Guess what? Blood vessels contain blood. That may seem obvious now, but 3,000 years ago, people thought vessels carried air or even urine.
Everything we know was built on ideas that came before us. There’s a saying: “If we achieve greatness, it is because we stand on the shoulders of giants.” The “giants” of heart medicine are doctors and scientists who worked at different times over the past 10,000 years. Some of their ideas were silly or wrong, but their discoveries made modern medicine possible.

▲ Sumerians (about 5000 B.C.) believed the liver created blood. They wrote that the heart, not the brain, was the center of thought.
▲ Imhotep (about 2700–2670 B.C.) was an Egyptian pyramid engineer. He was also an astronomer and did other things. As a doctor, he learned that blood circulates and that the heart pumps it in pulses.

▲ Early doctors couldn’t just open a dead body to study the heart, because dissecting humans was forbidden. Even so, a Greek named Alcmaeon of Croton (about 500 B.C.) was the first known person to do it anyway. He figured out that the brain, not the heart, did the thinking. He also saw that blood vessels came in two kinds: veins and arteries.

▲ Herophilus was a doctor in ancient Greece (about 300 B.C.). Many Greeks believed that air flowed through blood vessels. The word artery means “air carrier.” Herophilus set most people straight, though the “air carrier” theory stuck around for a while longer.

▲ Galen (about A.D. 130–199) was a doctor for great Roman emperors. For 1,400 years, other doctors used his two books on medicine to train. Too bad the books were mostly wrong. For one thing, Galen saw the heart as an oven for keeping blood warm. He thought blood flowed from one half of the heart to the other through tiny holes. He also wrote that the body made blood directly out of the food you ate.
▲ Sick people have bad blood, so just get rid of the bad blood, and they’ll get well. That’s what many people thought, up to the nineteenth century. Many doctors thought bloodletting was a great cure. They’d cut open a patient’s vein or use leeches. Leeches are slimy creatures that attach to skin and suck out the “bad blood.” Of course, “treatments” like these just made people sicker—if they didn’t kill them.
Check It Out!
Pretend you’re an ancient doctor. Looking at the outside of your body, can you explain how things work? For example, why does bruised skin go from black and blue to yellow and green and then to normal again?
A bruise means blood vessels just under the skin are broken. The blood is red, but it doesn’t stay that way for long. It loses its oxygen and turns dark purple (or “black and blue”). Slowly, the body breaks down the loose blood.

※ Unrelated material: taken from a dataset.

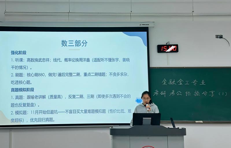 三位优秀学子结合自身实战经历,分别从目标规划、学习方法、心态调整等方面进行了精彩讲述。徐榕尉同学(南京理工大学应用经济学拟录取)系统分享了自己的成长历程与备考心得,她特别强调“日积月累”与“目标管理”的相互作用,认为清晰的阶段性目标能够为长期备考提供持续动力。刘兢贝同学(南京财经大学金融专硕拟录取)以“方法制胜,高效备考”为重点,结合各科目备考策略,分享了高效笔记、真题研究和心态调节的实用方法。李宇轩同学(国家税务总局通州区税务局拟录用),讲述了自己从学业低谷到国考、省考“双第一”的蜕变历程,他结合备考中的挫折与突破,强调了坚持与自我调适在长期备考中的重要作用。

It gets rid of hemoglobin (red coloring matter), and that turns the bruise from purple to yellow or green. When all the blood has been broken down, the bruise goes away.
▲ Leonardo da Vinci (1452–1519 was a scientist, artist, and inventor. He took apart dead bodies to see how they worked and drew the first accurate diagrams of the heart.

▲ Andreas Vesalius (1514–1564) learned the position of organs from inaccurate diagrams like this one. He later corrected them and most of Galen’s wrong ideas. Then Vesalius published a new, more accurate anatomy book.
▲ William Harvey (1578–1657) learned how the circulatory system really works: Blood does not come from food. Arteries pass blood to the veins in the outer parts of the body. Veins carry blood toward the heart. In other words, the circulatory system is circular. Harvey’s discoveries are among the biggest advances in all medicine, not just heart medicine. Before his work, heart science was in the Dark Ages, but he led the way toward modern heart science.
Try This!
Next time you have chicken or turkey for dinner, ask an adult to help you dissect the bird’s heart (if it’s included). Rinse the heart and set it on a plate. Look for the yellow globs. That’s fat. Does the muscle feel tough or soft, and how many tubes go in and out of it? Now compare the heart to the liver. The heart has mechanical, or moving, parts, and if you slice it in half you’ll see the chambers, tubes, and valves. But if you rinse the liver and slice it in half, it looks the same all over. When you’re done, throw out the organs and wash your hands with soap and hot water.